Таймири отступила на шаг.

– Ну, вы эти, как их… травоядные.

– Травоядные? – утробно захохотал тигр и обернулся к собратьям. – Слыхали?

– Мрряу, и-и-и-ряу, – оскалились те.

– Судя по всему, ваши учебники составляют олухи и остолопы, – продолжил он, обдав заступницу горячим дыханием. – Двуногие могут не стараться, – добавил он, имея в виду Папируса и Кэйтайрона. – Мы ими всё равно закусим. А ты слишком глупа. Не хочу заразиться твоей глупостью. Ступай прочь, пока не передумал.

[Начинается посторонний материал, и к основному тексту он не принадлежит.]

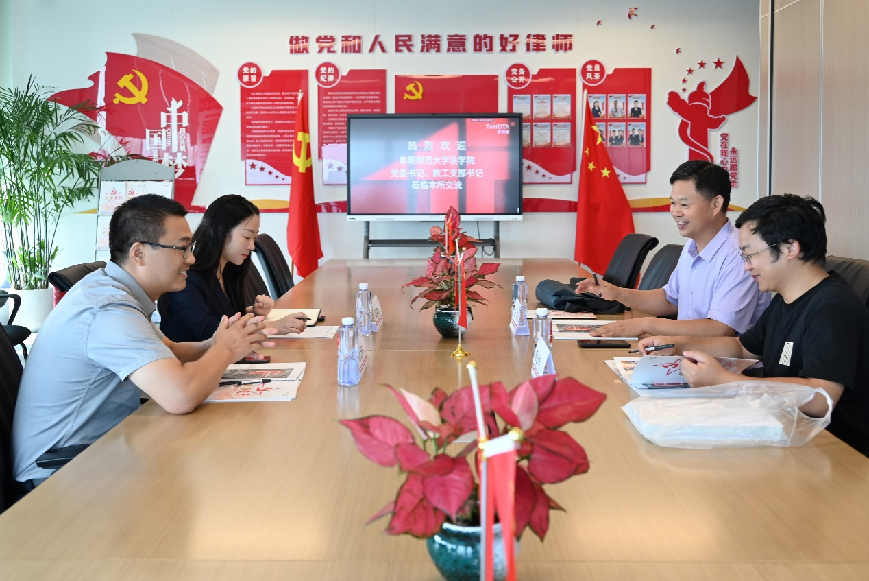 法学院党委书记马健在调研律所时,对阜阳市、阜阳师范大学、法学院进行了全面的介绍与推荐。从阜阳市的历史名人、人口大市、交通枢纽、GDP、全国卫生城市等优势,到阜阳师范大学的悠久历史、两位院士、杰出校友,再到法学院的发展迅速、博士招聘和优秀毕业生,进行了全面的介绍,引得了各律所负责人频频惊叹。他提出,欢迎各律所负责人到法学院交流,代表法学院提出希望和各律所在学生就业、实习、见习、法律人才培养以及科学研究等方面开展全方位的深度合作,积极为法学院毕业生创造更大的成长和发展空间、为各大律所输送优秀人才,为法学院和各律所的发展提供强大助力。

Капитан с Папирусом висели, уцепившись за ветки, и ничегошеньки не понимали. Что за язык использует Таймири? И почему ее до сих пор не растерзали? Минорис, зажмурившись, сидела за деревом и тоже ничего не могла разобрать. Ей хватало того, что разговор был отрывистый, громкий и порядком леденящий кровь.

– Я глупости не боюсь, – выступила вперед тигрица, подняв, как палку, полосатый хвост. – Меня вполне устроит длинношерстая.

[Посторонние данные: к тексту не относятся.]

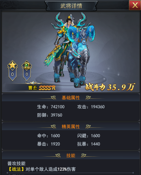 总结一下:曹丕在技能伤害上算是最强武将没有之一,同时还有几率眩晕的属性,再加上升级版的合体技能综合得分90分!

Она, наверное, хотела сказать «длинноволосая», но кто знает, что на уме у этих тигров?

У Таймири внутри всё похолодело, и ей даже показалось, что заледенело и сорвалось с петель сердце.

– Вер-р-рно подмечено! – согласился третий тигр. – Разделим добычу поровну.

– А о той, кто вас на добычу навел, не забыли? – противным, приторным голоском промяукала черная кошка, появившись сбоку от тигрицы.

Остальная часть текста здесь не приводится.